Она глубоко вздохнула.
– Тогда вы не слишком удивитесь, услышав, что он использовал несколько подобного рода гравюр, для того чтобы соблазнить меня?
Герцог принялся терзать рукой свой подбородок.
– Так он соблазнил тебя?
– О да. И я до сих пор в его власти. Он соблазнил меня без малейших угрызений совести, и я влюблена в этого сукина сына. Я ничего не могу с собой поделать.

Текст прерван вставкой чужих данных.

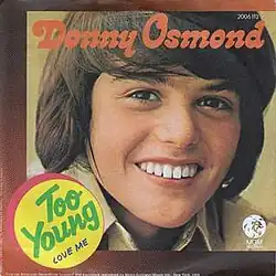 A version of "Too Young" by then 14-year-old Donny Osmond became an international top 10 hit for him, reaching number 5 in the UK and number 6 in Canada. It also spent eight weeks on the U.S. top 40, with a peak position of number 13[14][17] when released as a single (MGM catalog number 14407) in 1972.

К ее удивлению, герцог поцеловал ее в лоб нежно, с сожалением и сочувствием. Худое лицо его, обрамленное белизной парика, темный взор говорили о подлинности его теплого чувства, однако между ними по-прежнему оставалась преграда – та же, что разделала их и прежде. «Если бы он любил тебя, то женился бы невзирая ни на что и не стал бы считаться с мнением света». Может, она все-таки никогда прежде по-настоящему не любила или не была любима?
– Почему ты медлила, Сильвия? Почему не бросила задание давным-давно?
– Потому что очень уж мне пришлось по душе жить так, будто графиня Монтеврэ осталась в Вене или Париже.
На лице его появилось озадаченное выражение.
– Жизнь под личиной мальчика, по-моему, врядли можно считать новой страницей в жизни.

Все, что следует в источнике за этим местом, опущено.